DATA PROVIDED: Begin

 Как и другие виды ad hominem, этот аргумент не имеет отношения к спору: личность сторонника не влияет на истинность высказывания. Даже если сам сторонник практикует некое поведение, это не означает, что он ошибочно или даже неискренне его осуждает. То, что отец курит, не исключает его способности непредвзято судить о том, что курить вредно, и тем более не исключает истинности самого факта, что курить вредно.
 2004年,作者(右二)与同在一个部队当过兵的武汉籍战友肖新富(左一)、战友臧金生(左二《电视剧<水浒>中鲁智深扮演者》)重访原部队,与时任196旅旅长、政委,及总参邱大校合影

DATA PROVIDED: End
DATA PROVIDED: Begin

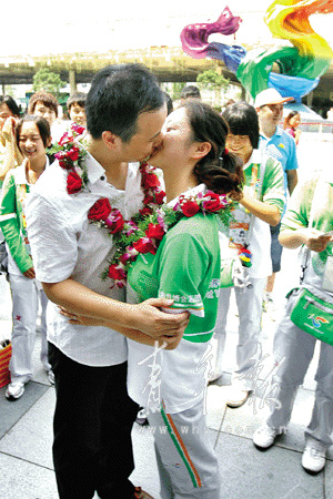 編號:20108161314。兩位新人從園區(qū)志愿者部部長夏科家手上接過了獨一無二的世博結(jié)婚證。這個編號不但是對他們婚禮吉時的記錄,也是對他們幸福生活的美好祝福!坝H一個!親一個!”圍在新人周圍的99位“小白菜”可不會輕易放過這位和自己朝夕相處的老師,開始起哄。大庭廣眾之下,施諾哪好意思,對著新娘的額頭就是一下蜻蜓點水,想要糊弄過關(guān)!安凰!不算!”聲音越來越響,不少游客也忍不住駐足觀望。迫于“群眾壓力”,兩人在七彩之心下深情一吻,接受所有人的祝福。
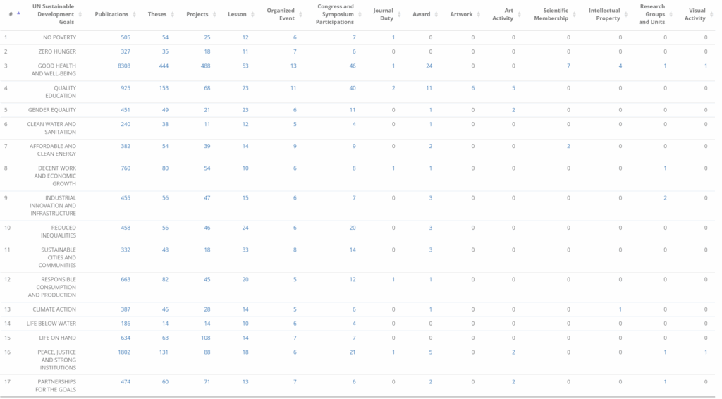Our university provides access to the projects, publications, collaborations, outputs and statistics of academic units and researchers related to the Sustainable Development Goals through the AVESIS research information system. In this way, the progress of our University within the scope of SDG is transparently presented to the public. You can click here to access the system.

DATA PROVIDED: End
DATA PROVIDED: Begin

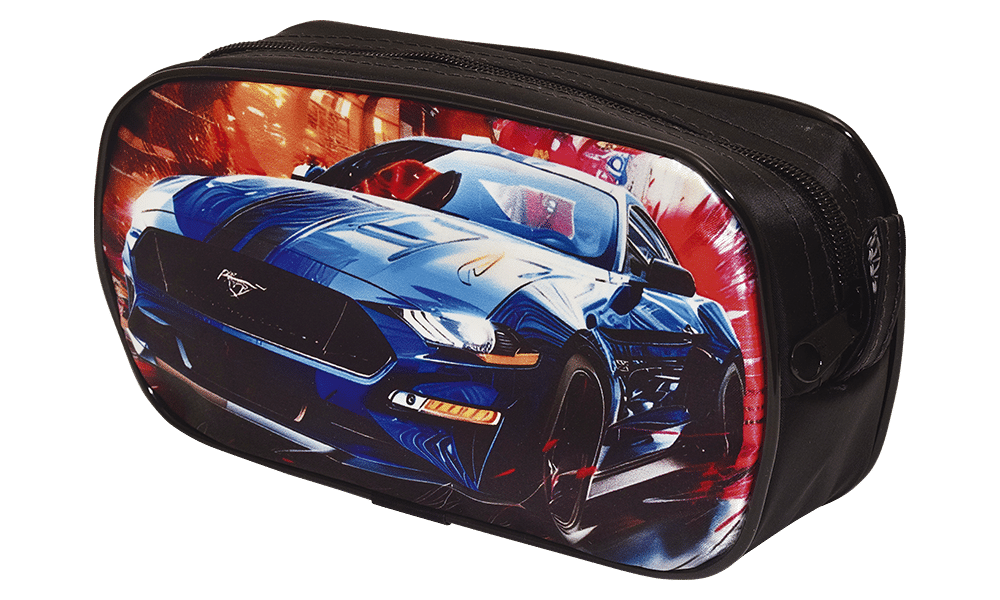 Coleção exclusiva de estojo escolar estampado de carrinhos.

DATA PROVIDED: End

Your answer should be the lines of the listing above between the line holding "Как и другие" and the line holding "2004年,作者(右二)与同", inclusive, restated word for word and alone.

 Как и другие виды ad hominem, этот аргумент не имеет отношения к спору: личность сторонника не влияет на истинность высказывания. Даже если сам сторонник практикует некое поведение, это не означает, что он ошибочно или даже неискренне его осуждает. То, что отец курит, не исключает его способности непредвзято судить о том, что курить вредно, и тем более не исключает истинности самого факта, что курить вредно.
 2004年,作者(右二)与同在一个部队当过兵的武汉籍战友肖新富(左一)、战友臧金生(左二《电视剧<水浒>中鲁智深扮演者》)重访原部队,与时任196旅旅长、政委,及总参邱大校合影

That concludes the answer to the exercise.